Provided entries:
○ ○ ○ ○ ○
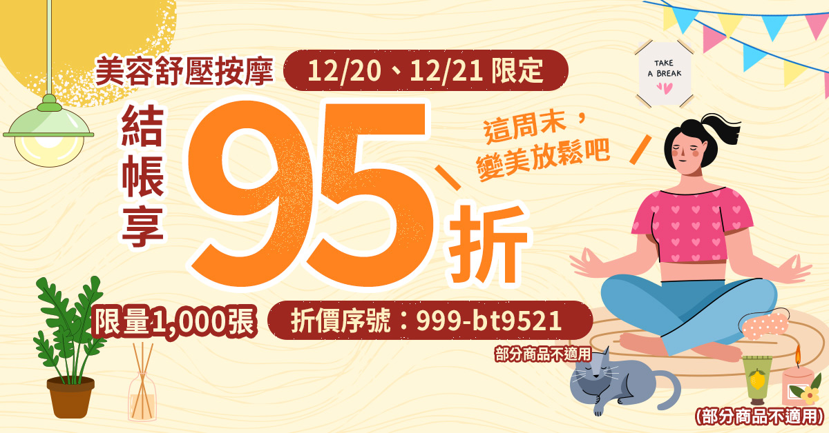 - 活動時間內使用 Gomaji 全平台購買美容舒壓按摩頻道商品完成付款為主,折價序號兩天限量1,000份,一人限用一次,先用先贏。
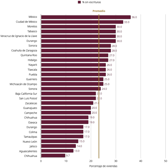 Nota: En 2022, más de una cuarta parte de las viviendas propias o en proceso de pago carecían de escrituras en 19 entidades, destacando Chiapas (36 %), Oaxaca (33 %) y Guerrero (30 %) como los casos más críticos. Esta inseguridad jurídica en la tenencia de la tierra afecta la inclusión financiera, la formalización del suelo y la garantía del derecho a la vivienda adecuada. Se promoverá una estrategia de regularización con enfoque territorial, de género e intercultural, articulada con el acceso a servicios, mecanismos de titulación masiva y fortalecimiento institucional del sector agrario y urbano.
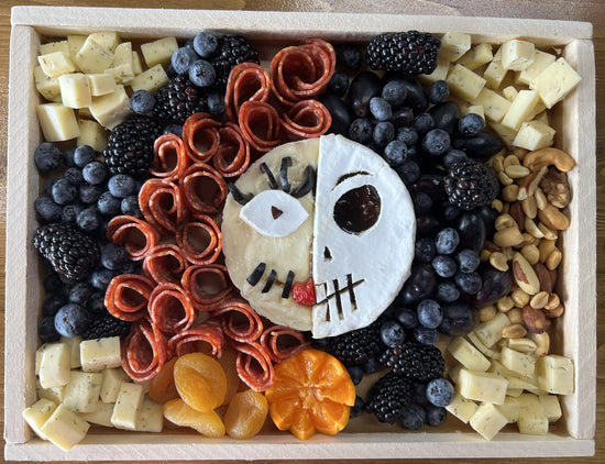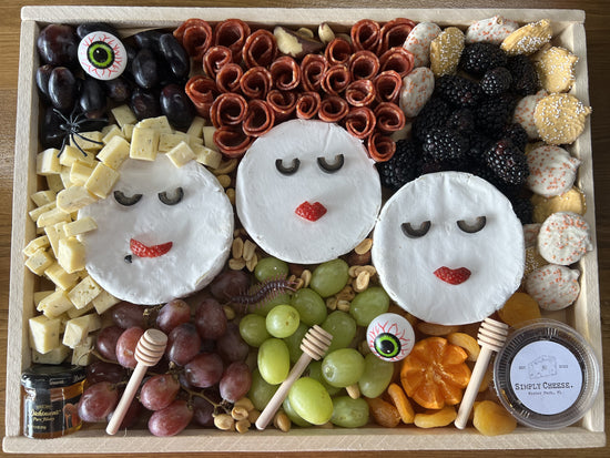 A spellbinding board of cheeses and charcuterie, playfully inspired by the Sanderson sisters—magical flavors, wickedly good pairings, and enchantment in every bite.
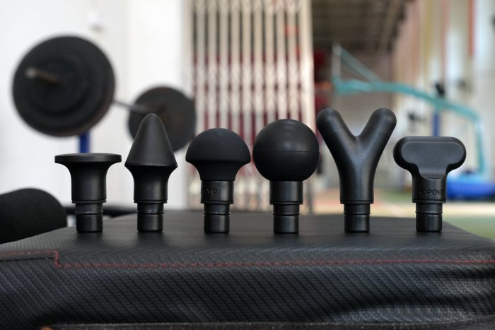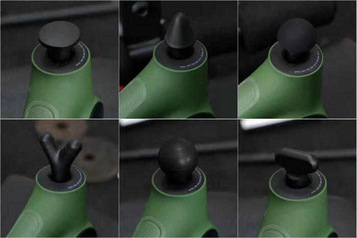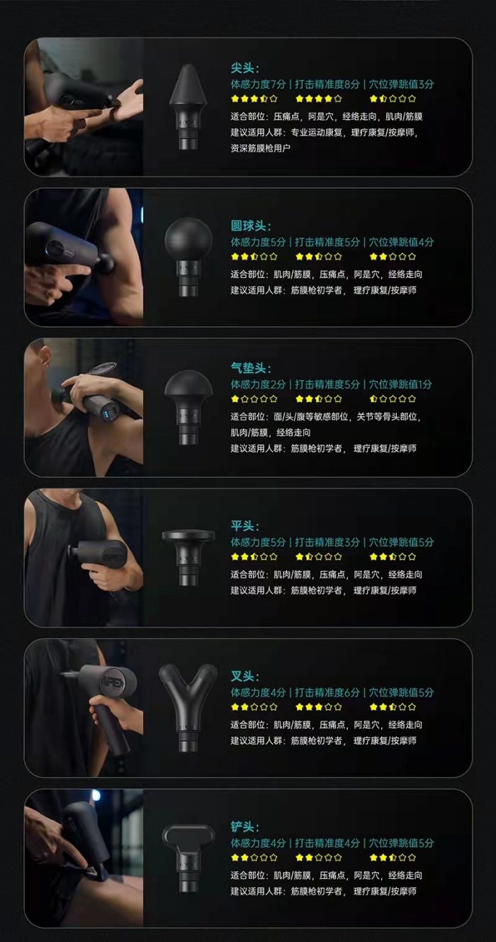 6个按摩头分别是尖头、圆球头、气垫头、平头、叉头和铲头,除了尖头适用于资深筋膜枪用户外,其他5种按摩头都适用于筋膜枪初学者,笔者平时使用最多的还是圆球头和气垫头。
○ ○ ○ ○ ○
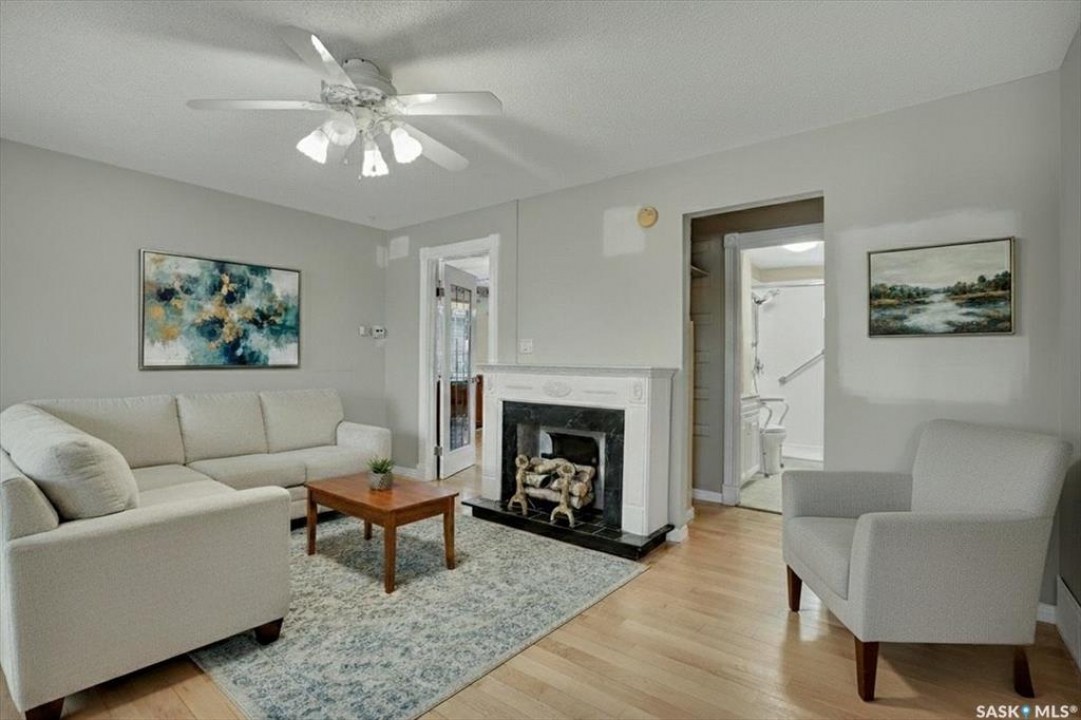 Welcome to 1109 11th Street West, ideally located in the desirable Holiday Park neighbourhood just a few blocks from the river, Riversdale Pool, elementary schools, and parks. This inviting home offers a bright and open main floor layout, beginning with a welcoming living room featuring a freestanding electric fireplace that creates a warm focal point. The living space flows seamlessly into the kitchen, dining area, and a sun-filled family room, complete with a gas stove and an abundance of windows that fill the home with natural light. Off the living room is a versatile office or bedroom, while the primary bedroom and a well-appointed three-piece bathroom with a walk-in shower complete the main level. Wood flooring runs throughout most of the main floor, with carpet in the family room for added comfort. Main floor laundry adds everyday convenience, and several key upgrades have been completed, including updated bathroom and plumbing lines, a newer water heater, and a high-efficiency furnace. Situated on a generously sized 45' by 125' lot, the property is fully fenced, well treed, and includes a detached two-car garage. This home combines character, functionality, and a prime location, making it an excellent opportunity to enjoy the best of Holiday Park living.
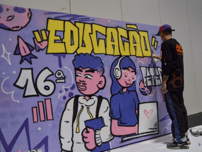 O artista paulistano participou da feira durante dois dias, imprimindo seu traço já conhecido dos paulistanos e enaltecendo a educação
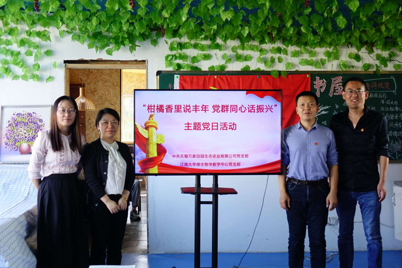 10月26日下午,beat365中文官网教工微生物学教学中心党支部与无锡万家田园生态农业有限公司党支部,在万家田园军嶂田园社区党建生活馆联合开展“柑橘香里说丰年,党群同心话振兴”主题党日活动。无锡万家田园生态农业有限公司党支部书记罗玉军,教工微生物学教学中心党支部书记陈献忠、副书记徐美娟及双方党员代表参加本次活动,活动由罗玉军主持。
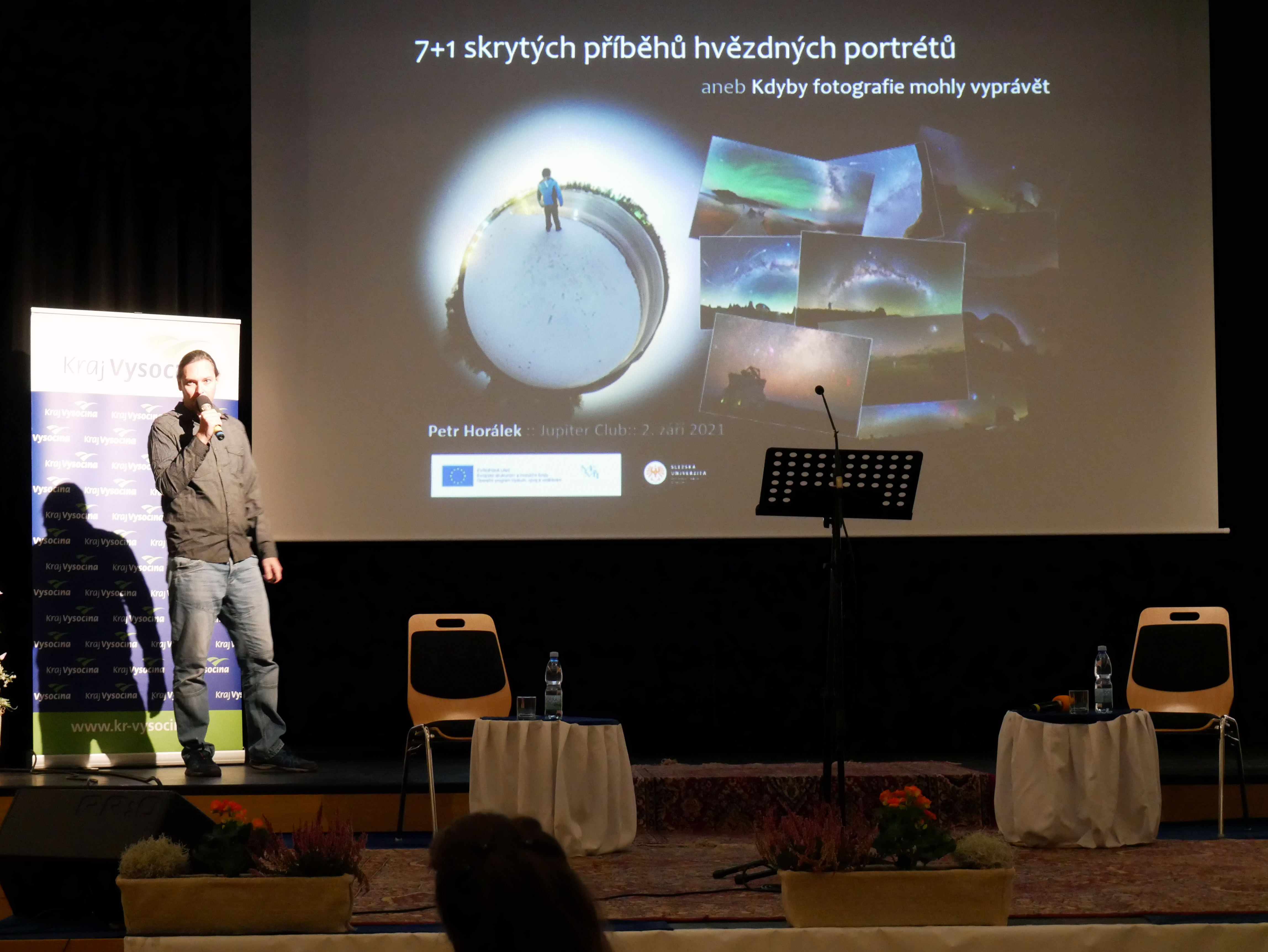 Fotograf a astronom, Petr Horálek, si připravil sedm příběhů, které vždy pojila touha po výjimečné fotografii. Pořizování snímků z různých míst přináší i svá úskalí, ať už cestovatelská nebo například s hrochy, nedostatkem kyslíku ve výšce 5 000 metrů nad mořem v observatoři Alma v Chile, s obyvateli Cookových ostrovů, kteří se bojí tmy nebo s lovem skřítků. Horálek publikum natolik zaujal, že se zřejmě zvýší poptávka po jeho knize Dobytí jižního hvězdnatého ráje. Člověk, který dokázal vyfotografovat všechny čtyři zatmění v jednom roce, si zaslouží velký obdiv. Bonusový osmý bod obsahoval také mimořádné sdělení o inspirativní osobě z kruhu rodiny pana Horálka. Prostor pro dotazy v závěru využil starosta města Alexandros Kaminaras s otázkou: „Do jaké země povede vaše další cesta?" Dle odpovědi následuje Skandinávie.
○ ○ ○ ○ ○
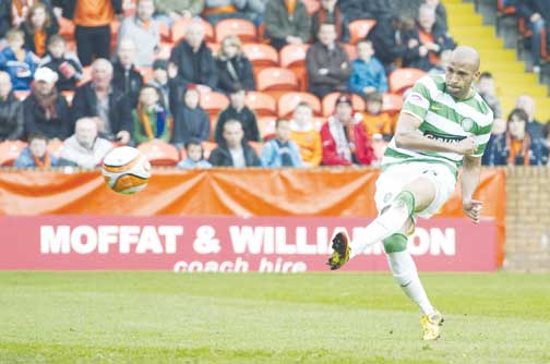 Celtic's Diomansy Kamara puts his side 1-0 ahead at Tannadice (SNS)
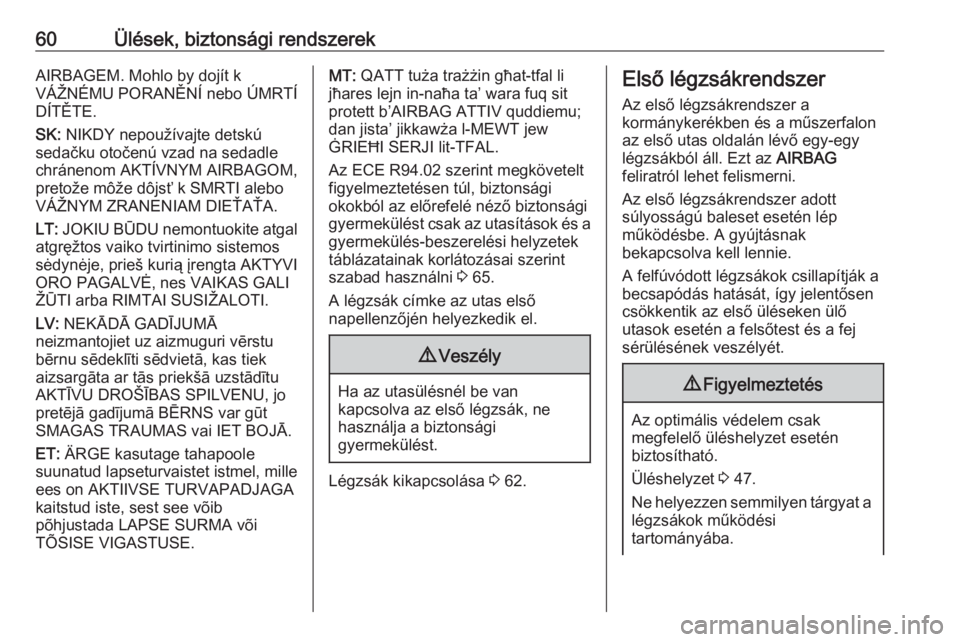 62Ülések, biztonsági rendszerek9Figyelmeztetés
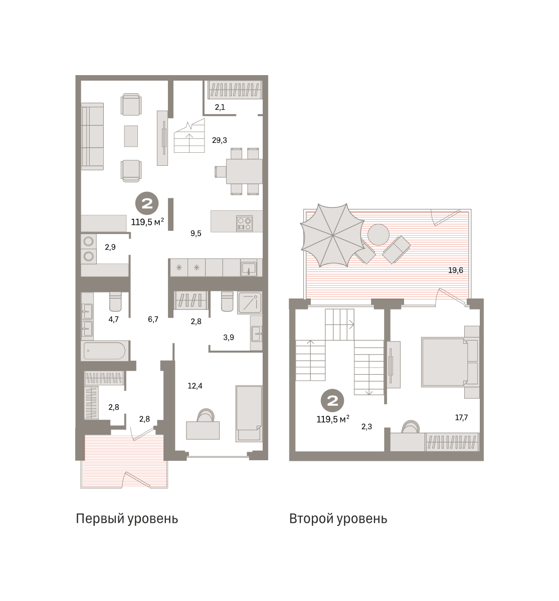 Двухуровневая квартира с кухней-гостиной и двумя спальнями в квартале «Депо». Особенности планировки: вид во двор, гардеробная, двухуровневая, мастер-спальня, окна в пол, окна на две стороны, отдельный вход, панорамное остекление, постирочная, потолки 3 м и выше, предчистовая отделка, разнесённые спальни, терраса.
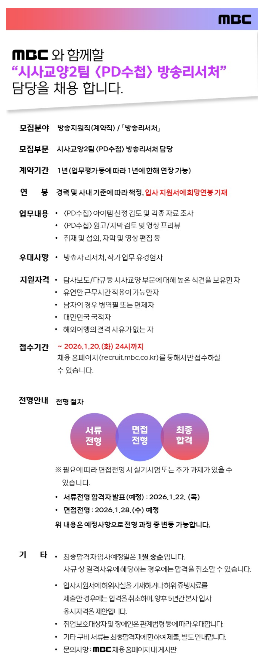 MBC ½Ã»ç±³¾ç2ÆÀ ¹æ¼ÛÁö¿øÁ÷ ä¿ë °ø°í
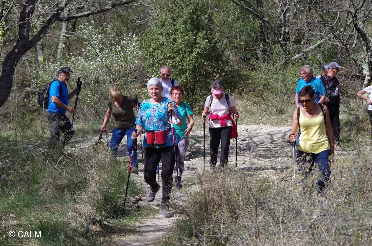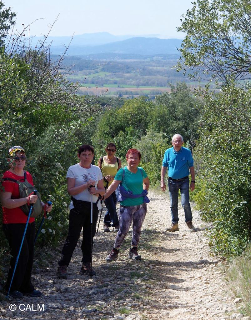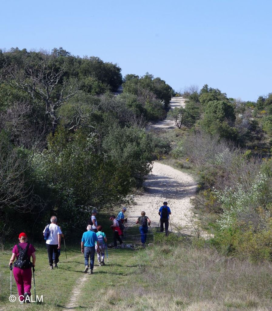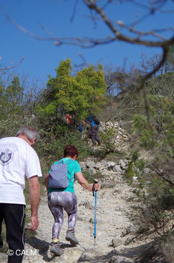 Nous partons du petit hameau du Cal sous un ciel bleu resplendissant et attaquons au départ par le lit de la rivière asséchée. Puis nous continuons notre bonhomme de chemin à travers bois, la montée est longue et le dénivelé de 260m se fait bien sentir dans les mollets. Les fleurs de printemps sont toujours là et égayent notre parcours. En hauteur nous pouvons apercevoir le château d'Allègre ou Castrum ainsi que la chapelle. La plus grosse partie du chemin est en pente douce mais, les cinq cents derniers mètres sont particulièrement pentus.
○ ○ ○ ○ ○
Work task: Starting at the line with "O artista paulistano" in the entries above, write out every line exactly until the line with "10月26日下午,beat3" has been written. Include no pictures and nothing more.

Written answer:
 O artista paulistano participou da feira durante dois dias, imprimindo seu traço já conhecido dos paulistanos e enaltecendo a educação
 10月26日下午,beat365中文官网教工微生物学教学中心党支部与无锡万家田园生态农业有限公司党支部,在万家田园军嶂田园社区党建生活馆联合开展“柑橘香里说丰年,党群同心话振兴”主题党日活动。无锡万家田园生态农业有限公司党支部书记罗玉军,教工微生物学教学中心党支部书记陈献忠、副书记徐美娟及双方党员代表参加本次活动,活动由罗玉军主持。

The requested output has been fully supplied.